Type 3 Analysis of Variance
Sources DF Sum of Squares Mean Square Expected Mean Square Error Term Error DF F Value Pr > F
fert 3 251.440000 83.813333 Var(Residual)+Q(fert) MS(Residual) 20 27.46 <.0001
Residual 20 61.033333 3.051667 Var(Residual)        
Covariance Parameter Estimates
Cov Parm Estimate
Residual 3.0517
Fit Statistics
-2 Res Log Likelihood 86.2
AIC (smaller is better) 88.2
AICC (smaller is better) 88.5
BIC (smaller is better) 89.2
Type 3 Tests of Fixed Effects
Effect Num DF Den DF F Value Pr > F
fert 3 20 27.46 <.0001

The next output that we should discuss is that labeled as “Type 3 Tests of Fixed Effects”. This is the standard output we would get if we weren’t specifying “method = type 3”. This is the method SAS uses to calculate the ANOVA (if this is confusing don't worry, we haven't talked about this yet). These are the Fcalculated and p-value for the test of any variables that are specified in the model statement. Note that the F and p-values are identical to that which we see in the full ANOVA table.

Diagnostic Plots

The Mixed procedure produces the following diagnostic plots:

sas output
sas output

We included the LSmeans statement in the PLM procedure and so we get these:

fert Least Squares Means
fert Estimate Standard Error DF t Value Pr > |t| Alpha Lower Upper
Control 21.0000 0.7132 20 29.45 <.0001 0.05 19.5124 22.4876
F1 28.6000 0.7132 20 40.10 <.0001 0.05 27.1124 30.0876
F2 25.8667 0.7132 20 36.27 <.0001 0.05 24.3790

27.3543

F3 29.2000 0.7132 20 40.94 <.001 0.05 27.7124 30.6876

In the "Least Squares Means" table note that the t-value and P > t are testing Null hypotheses that the estimate = 0. (They aren't usually very important). The Lower and Upper values are the 95% confidence limits for the estimates. You may also note that there is a standard error listed after the estimates of the Least Squares Means. Here in this example we see only one value here for all the treatment levels. The reason is that these standard error are based on the residual variance estimate (MSE). The LS means will be the same as the original arithmetic means that we got in the Summary procedure because we have equal sample sizes.
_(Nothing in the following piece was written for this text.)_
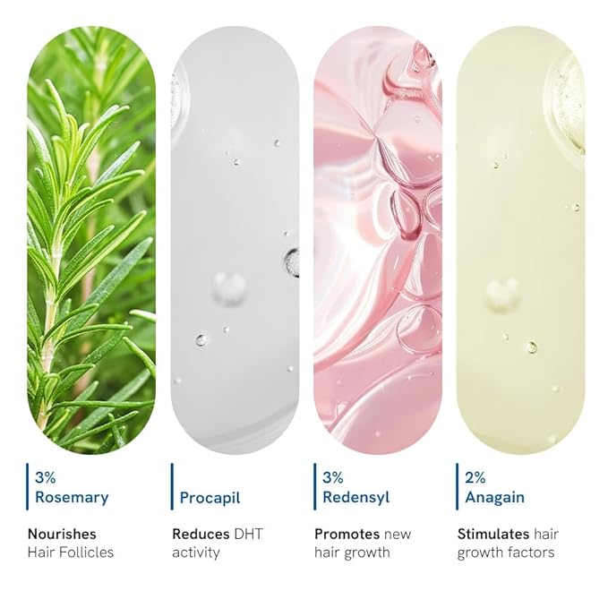 - Triple-Action Hair Growth Serum Roll On – 3 % Rosemary, 3 % Redensyl & 2 % Anagain re-activate dormant follicles, boost oxygen delivery and actively block DHT for stronger roots and thicker strands.

With unequal sample sizes or if there is a covariate present, the LSmeans can differ from the original sample means. Plots of final results should be made with the LSmeans as shown below.. When we make plots of these, we are constrained by the software to only use error bars showing the confidence limits.

sas output

The results of the Tukey test appear in the "Difference of Least Squares Means". Notice this is different than the previous table because this table is testing each pairwise comparison. For example, the first row compares the control to the F1. We interpret this output as we would any other confidence interval for two means. The confidence interval does not contain zero, so we reject the null and conclude the difference is not zero.

Differences of fert Least Squares Means

Adjustment for Multiple Comparisons: Tukey

fert _fert Estimate Standard Error DF t Value  Pr > |t| Adj P Alpha Lower Upper Adj Lower Adj Upper
Control F1 -7.6000 1.0086 20 -7.54 <.0001 <.0001 0.05 -9.7038 -5.4962 -10.4229 -4.7771
Control F2 -4.8667 1.0086 20 -4.83 0.0001 0.0006 0.05 -6.9705 -2.7628 -7.6896 -2.0438
Control F3 -8.2000 1.0086 20 -8.13 <.0001 <.0001 0.05 -10.3038 -6.0962 -11.0229 -5.3771
F1 F2 2.7333 1.0086 20 2.71 0.0135 0.0599 0.05 0.6295 4.8372 -0.08957 5.5562
F1 F3 -0.6000 1.0086 20 -0.59 0.5586 0.9324 0.05 -2.7038 1.5038 -3.4229 2.2229
F2 F3 -3.3333 1.0086 20 -3.30 0.0035 .0171 0.05 -5.4372 -1.2295 -6.1562 -0.5104

Tukey Grouping for fert

Least Squares Means (Alpha=0.05)

LS means with the same letter are not significantly different
fert Estimate    
F3 29.2000   A
      A
F1 28.6000 B A
    B  
F2 25.8667 B  
       
Control 21.000   C

The lettering here can be used now to label the LSmeans, using the Graphics Editor. Although this may seem tedious, Minitab will not produce the means plot using the LSmeans. Minitab makes a means plot, but but only from the raw data (using the original sample means).